I can smell that thing from here... Ohhh Hells Yeah!


----------



## Long Pole (Jun 5, 2008)

Look at all that goodness...Mmmmm


----------



## MarshJr. (Jul 29, 2005)

i cant stop looking at the pic


----------



## SV_DuckBuster (Sep 18, 2007)

Wow that looks good. Ooopps... just drooled a little on the keyboard.

When are they gonna come out with smell-a-vision for puters?


----------



## Tiny (Dec 19, 2006)

You need to find the recipe on that thing...

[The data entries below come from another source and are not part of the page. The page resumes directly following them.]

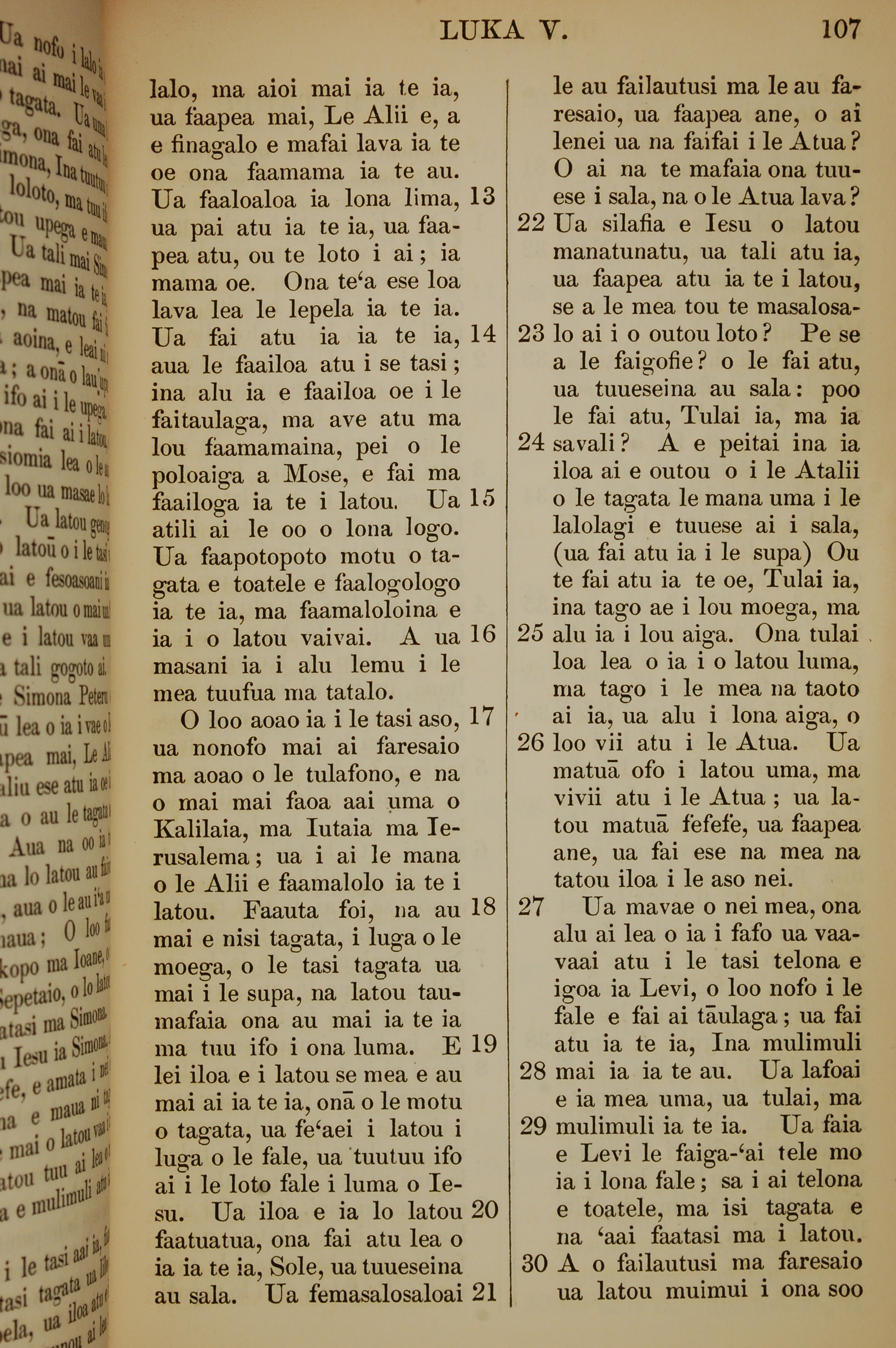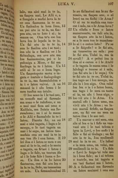 1849年萨摩亚语新约全书 路加福音 5 章 13 节到 5 章 30 节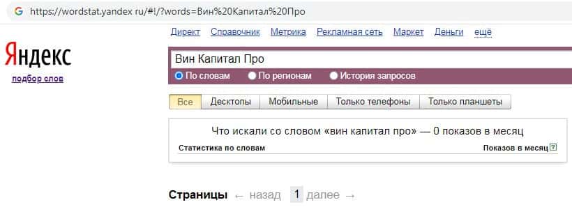 - Количество запросов по бренду Вин Капитал Про в поисковике Яндекс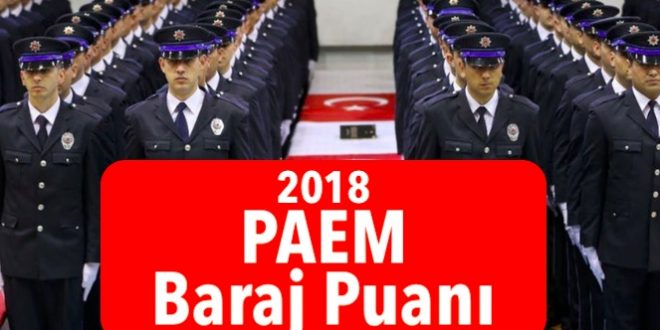 2018 PAEM BARAJ PUANI belli oldu: 2017 ve 2018 yılı KPSS lisans P3 puan türünden (70,000) taban puan veya üzerinde puan almış olmak, Emniyet Teşkilatı personeli şehit veya vazife malulü eş veya çocukları için en az (63,000) taban puanı almış olmak şartı aranıyor.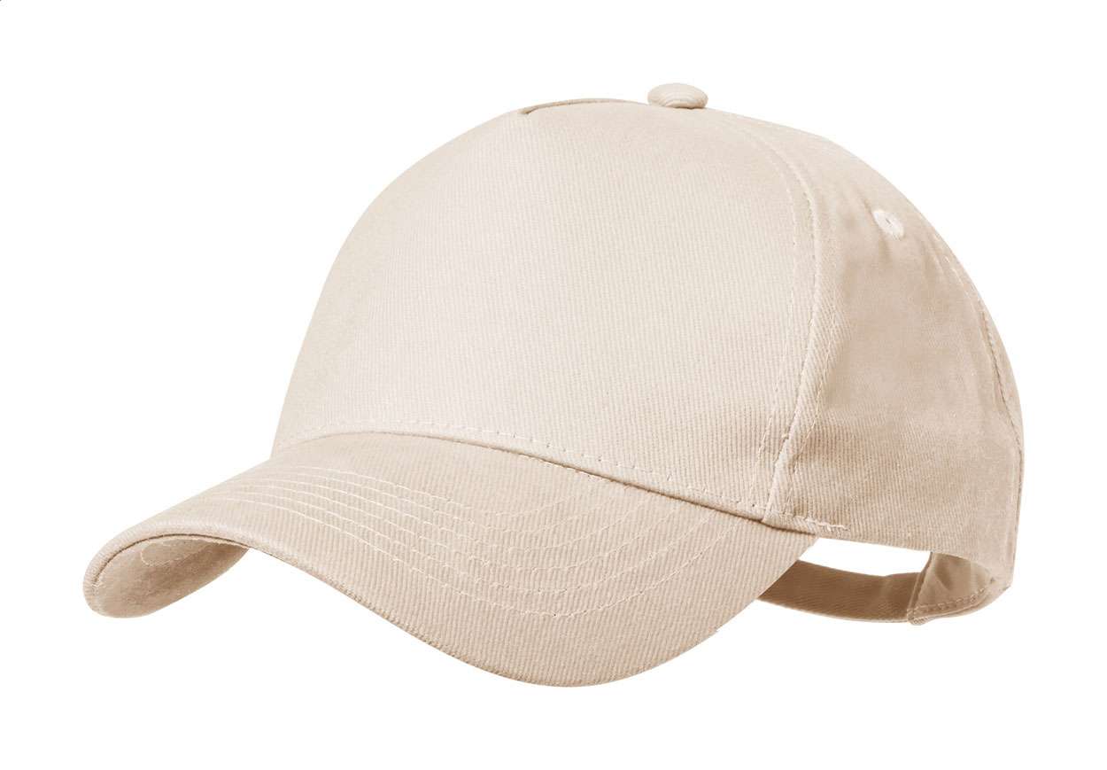 Cappellino da baseball in cotone biologico a 5 pannelli con chiusura a fibbia metallica.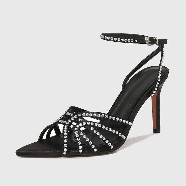 Elevate your style with these Black Open Toe Stiletto Heel Rhinestone Ankle Strap Sandals. Sparkling rhinestones adorn the straps, adding glamour to any outfit. Perfect for special occasions!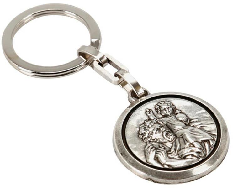 Szent Krtistóf dombornyomott kulcstartóKulcstartó, dombornyomott Szent Kristóffal (Reprebus) Az utasok, vándorok, hajósok, kincskeresők védőszentje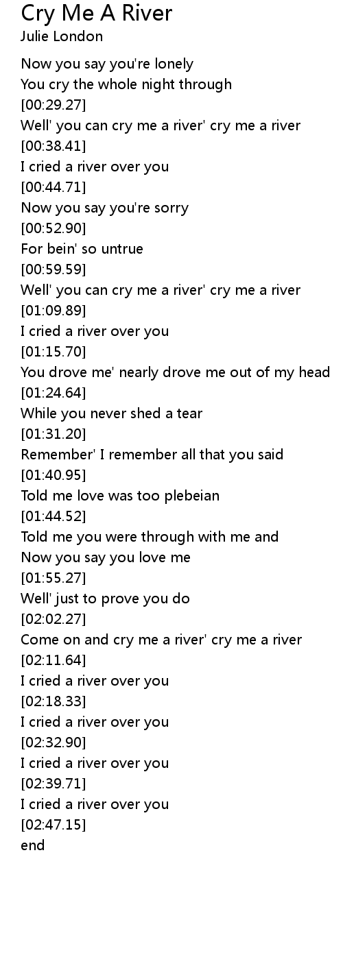 Come on and cry me a river' cry me a river |

Looks like Sausage, Jaleps or Bell Peps, Motzarrello Sheeze, Bacon, Pepperoninos..


----------



## jake/jenny (Jul 18, 2008)

Tiny said:


> You need to find the recipe on that thing...
> 
> Looks like Sausage, Jaleps or Bell Peps, Motzarrello Sheeze, Bacon, Pepperoninos..


mushrooms too


----------



## bassguitarman (Nov 29, 2005)

Heck, I never heard of a fattie, I had to google it. I did find this while I was searching:

http://www.bbqaddicts.com/blog/recipes/bacon-explosion/


----------



## jake/jenny (Jul 18, 2008)

i've made up my mind. if i were on death row, i'd eat 2 of those for my last meal. when the shocked me there'd be a mess under the chair, on the walls, ceiling, ect......


----------



## dolch (Aug 19, 2005)

looks like a heart attack...... i'll take two servings please!!


----------



## FishBone (Oct 11, 2004)

They have there own fattie forum.
http://www.smokingmeatforums.com/


----------



## raz1056 (Jun 16, 2006)

Heck with weaving all that bacon, just wrap that raschal.


bassguitarman said:


> Heck, I never heard of a fattie, I had to google it. I did find this while I was searching:
> 
> http://www.bbqaddicts.com/blog/recipes/bacon-explosion/


----------



## bigpun91 (Oct 2, 2005)

needs more cheese


----------



## captMATT (Jun 3, 2005)

makes me real hungry....some fried eggs, beans...and 2 Fatties and i'll be good.


----------



## fishin styx (Jun 30, 2009)

I smoked one today and it was awesome. 
A pound of bacon wrapped around sausage that was wrapped a half pound of crisp fired bacon and a half pound of pepperjack cheese. 4 hours at 210* and a Crestor later, she was looking good.


----------



## bzrk180 (Jan 7, 2008)

NOM, NOM, NOM, NOM!!!!


----------



## Hawk (Jul 10, 2004)

Oooo yaaaa I've 2or4 of these and they were great. I used pretty much the same stuff to start with but I got wild and added some other stuff to it you can do your own taste bud thing with them.


----------



## willt (Jan 3, 2009)

fishin styx said:


> I smoked one today and it was awesome.
> A pound of bacon wrapped around sausage that was wrapped a half pound of crisp fired bacon and a half pound of pepperjack cheese. 4 hours at 210* and a Crestor later, she was looking good.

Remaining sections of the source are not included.